> [Exercise description]: Transcribe exactly the lines below that begin at the line with "0 Write us at" and stop after the line with "奈雪的茶(2150.HK)盘", leaving out every picture.

> [Records]:

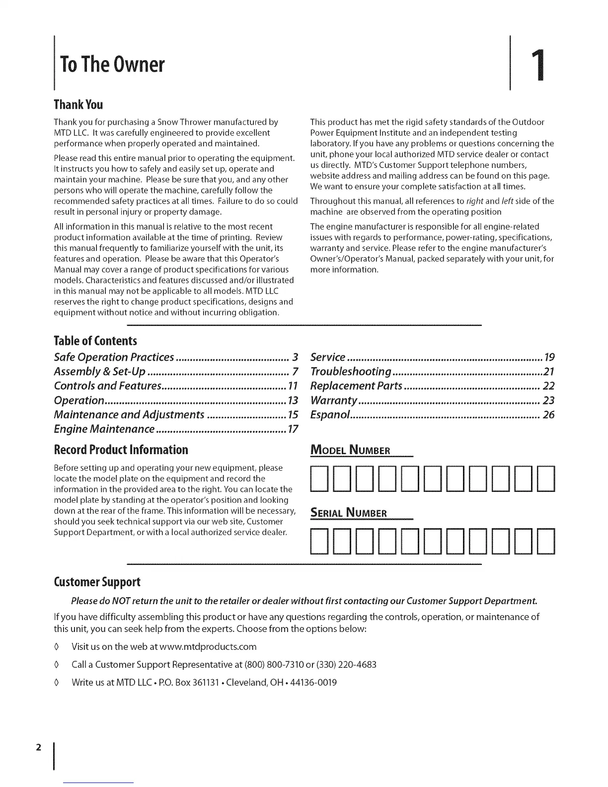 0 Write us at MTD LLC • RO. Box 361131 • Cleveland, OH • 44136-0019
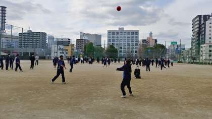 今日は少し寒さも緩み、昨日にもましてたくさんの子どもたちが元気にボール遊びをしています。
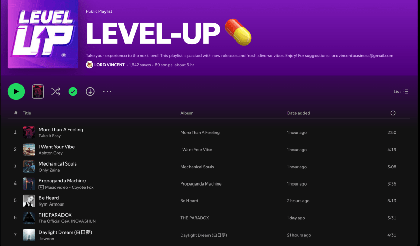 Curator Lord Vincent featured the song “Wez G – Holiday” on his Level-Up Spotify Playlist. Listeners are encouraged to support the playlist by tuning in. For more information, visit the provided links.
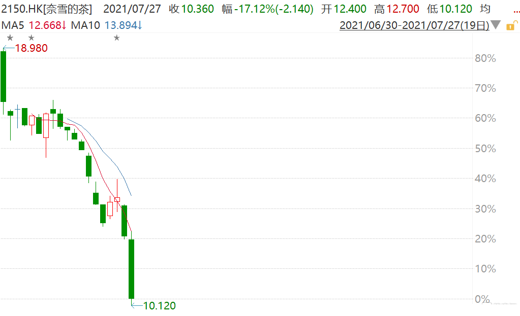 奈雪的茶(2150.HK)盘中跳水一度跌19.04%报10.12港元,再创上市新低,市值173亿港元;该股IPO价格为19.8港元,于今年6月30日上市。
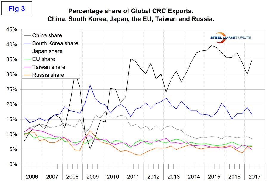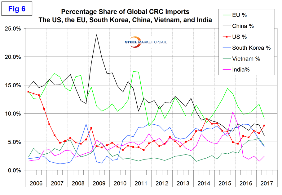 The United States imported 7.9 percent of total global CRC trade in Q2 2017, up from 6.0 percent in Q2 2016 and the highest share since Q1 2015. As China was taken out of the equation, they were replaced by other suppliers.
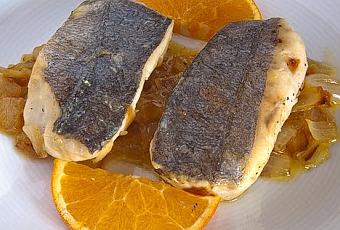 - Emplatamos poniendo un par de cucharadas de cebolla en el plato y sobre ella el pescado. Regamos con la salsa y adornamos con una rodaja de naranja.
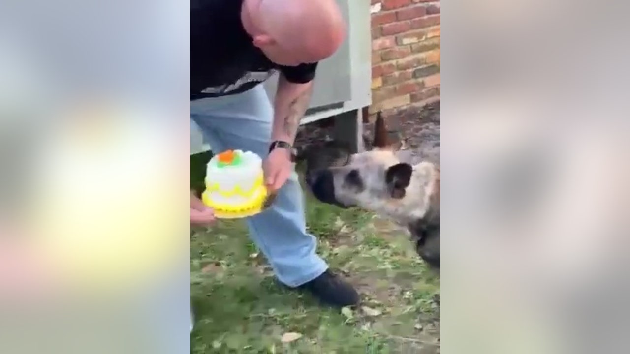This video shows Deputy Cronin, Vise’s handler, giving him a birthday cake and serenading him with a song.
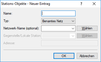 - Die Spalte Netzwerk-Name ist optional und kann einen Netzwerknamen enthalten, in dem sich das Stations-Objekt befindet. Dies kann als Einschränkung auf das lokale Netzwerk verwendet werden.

--

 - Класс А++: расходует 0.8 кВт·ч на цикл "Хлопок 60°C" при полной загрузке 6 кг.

> [Result of the exercise]:
 0 Write us at MTD LLC • RO. Box 361131 • Cleveland, OH • 44136-0019
 今日は少し寒さも緩み、昨日にもましてたくさんの子どもたちが元気にボール遊びをしています。
 Curator Lord Vincent featured the song “Wez G – Holiday” on his Level-Up Spotify Playlist. Listeners are encouraged to support the playlist by tuning in. For more information, visit the provided links.
 奈雪的茶(2150.HK)盘中跳水一度跌19.04%报10.12港元,再创上市新低,市值173亿港元;该股IPO价格为19.8港元,于今年6月30日上市。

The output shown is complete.